À ses côtés, Joshua Caleb Johnson a le rôle le plus exigeant avec ce garçon esclave fictif surnommé Échalote : En plus de narrer chaque épisode, il passe, la plus grande partie de la série, déguisé en adolescente grâce ou plutôt à cause d’un malentendu qui ne sera jamais véritablement corrigé. C’est une décision qui pourrait être jouée de façon farfelue, mais qui finit par être une source constante de tension car Échalote est terrifié à l’idée d’être puni à la fois comme menteur et comme travesti homosexuel (ce qu’il n’est pas de surcroit). En plus de tout cela, il entre dans la puberté, alors Johnson doit jongler avec un récit de passage à l’âge adulte en plus d’être un esclave se faisant passer pour une fille en fuite avec un violent abolitionniste. Johnson s’en sort remarquablement bien, réussissant admirablement le spectacle, et c’est une sacrée découverte pour nous spectateurs. L’arc narratif qui accompagne Échalote est de surcroit fascinant, car il englobe un certain nombre de choses : un esclave qui s’adapte à une liberté retrouvée, un garçon qui devient un homme, un fils qui se rebelle contre son père et une personne craintive qui découvre le courage et l’indépendance… Pour autant que je sache, il est le seul personnage fictif de la distribution primaire, mais cela ne rend pas son voyage moins puissant ou moins significatif. Bien au contraire, sa présence apporte une indéniable touche de poésie et d’émotion, tout en replaçant au centre du récit une victime de l’esclavage.

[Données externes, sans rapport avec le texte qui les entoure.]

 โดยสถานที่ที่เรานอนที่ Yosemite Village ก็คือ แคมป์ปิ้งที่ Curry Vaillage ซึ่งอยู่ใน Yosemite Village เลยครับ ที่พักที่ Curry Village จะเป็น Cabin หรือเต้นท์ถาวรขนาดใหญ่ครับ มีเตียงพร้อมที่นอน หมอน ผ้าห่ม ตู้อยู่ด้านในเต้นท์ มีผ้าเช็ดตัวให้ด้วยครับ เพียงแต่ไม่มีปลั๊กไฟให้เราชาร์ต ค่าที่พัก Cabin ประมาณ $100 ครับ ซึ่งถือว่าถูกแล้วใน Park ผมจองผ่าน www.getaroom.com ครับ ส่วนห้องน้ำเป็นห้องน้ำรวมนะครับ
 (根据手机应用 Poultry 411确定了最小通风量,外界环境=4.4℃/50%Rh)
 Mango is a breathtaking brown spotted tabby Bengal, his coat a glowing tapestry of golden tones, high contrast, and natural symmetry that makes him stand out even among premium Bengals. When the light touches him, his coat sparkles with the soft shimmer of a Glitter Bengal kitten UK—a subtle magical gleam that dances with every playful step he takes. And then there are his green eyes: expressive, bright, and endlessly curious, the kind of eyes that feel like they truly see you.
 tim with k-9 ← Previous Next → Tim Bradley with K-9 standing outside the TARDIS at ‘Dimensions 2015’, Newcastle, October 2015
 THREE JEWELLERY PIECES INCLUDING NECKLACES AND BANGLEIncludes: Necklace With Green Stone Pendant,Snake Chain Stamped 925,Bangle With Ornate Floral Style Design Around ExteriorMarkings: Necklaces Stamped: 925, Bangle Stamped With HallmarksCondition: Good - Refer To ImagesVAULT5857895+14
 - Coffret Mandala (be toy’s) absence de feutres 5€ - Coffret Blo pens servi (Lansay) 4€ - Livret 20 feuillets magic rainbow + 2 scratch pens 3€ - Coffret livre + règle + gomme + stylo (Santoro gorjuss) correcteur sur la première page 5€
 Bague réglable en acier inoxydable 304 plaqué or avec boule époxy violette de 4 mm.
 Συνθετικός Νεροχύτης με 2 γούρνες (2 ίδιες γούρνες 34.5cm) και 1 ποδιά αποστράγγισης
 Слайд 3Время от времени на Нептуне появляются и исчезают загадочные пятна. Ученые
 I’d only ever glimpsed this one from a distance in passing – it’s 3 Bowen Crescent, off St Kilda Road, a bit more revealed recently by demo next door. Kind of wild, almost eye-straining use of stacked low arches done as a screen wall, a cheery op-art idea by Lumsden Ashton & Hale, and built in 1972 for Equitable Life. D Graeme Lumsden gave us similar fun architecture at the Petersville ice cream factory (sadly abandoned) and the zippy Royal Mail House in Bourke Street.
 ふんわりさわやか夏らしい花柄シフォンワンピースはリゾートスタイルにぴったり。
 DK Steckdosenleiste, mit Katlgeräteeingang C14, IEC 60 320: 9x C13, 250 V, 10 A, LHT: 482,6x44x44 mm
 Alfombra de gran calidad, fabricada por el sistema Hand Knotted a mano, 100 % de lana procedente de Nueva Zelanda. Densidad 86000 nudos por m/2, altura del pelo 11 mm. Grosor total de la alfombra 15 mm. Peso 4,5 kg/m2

Finalement l’histoire est autant celle de Shackleford que celle de Brown, et le jeune garçon raconte l’action sur un ton entendu qui est un des nombreux clins d’œil à aujourd’hui. Johnson et Hawke sont parfaitement assortis, le jeune homme est calme et sensible là où le plus âgé est de plus en plus possédé. Il ne s’agit pas d’une histoire à apprécier simplement en soi, mais d’une fiction qui regarde notre époque droit dans les yeux. The Good Lord Bird soulève ainsi la question essentielle de savoir si l’insurrection est justifiée lorsque les oppresseurs utilisent la sauvagerie pour maintenir leur pouvoir. Le raid de Brown sur Harpers Ferry était loin d’être la première fois qu’un groupe de citoyens choisissait la violence pour tenter d’aboutir à des fins pacifiques, mais il apparaît comme essentiel pour comprendre à quoi ces résultats peuvent ressembler. Dans le cas de Brown, cinq années d’incendie et de carnage et d’effondrement constitutionnel, suivies de l’émancipation légale (bien que souvent non pratiquée, et certainement pas totale) des esclaves. William Nash, dans l’article auquel je faisais référence, fait une remarque pertinente lorsqu’il mentionne que le leader des droits civiques, le Dr Martin Luther King, Jr, s’est dissocié de lui pour ne pas avoir précisément utilisé la non-violence dans sa lutte. D’autre part, Malcolm X a, au contraire, soutenu ce fanatique qui était prêt à donner sa vie pour sa cause ; Du côtés de Brown se trouvait également Timothy McVeigh, le poseur de bombe d’Oklahoma City… Sur une note plus positive, les écrivains transcendantalistes Henry David Thoreau et Ralph Waldo Emerson ont fait l’éloge de Brown avec les mots suivants « Il a rendu la potence glorieuse comme la croix ». Finalement pas de réponse sans doute à donner à tout ça, et The Good Lord Bird n’en apportera pas plus… mais c’est du grain à moudre… encore et encore… pour sans doute ne jamais pouvoir parfaitement répondre à ces enjeux pourtant fondamentaux de nos rapports humains et du vivre ensemble.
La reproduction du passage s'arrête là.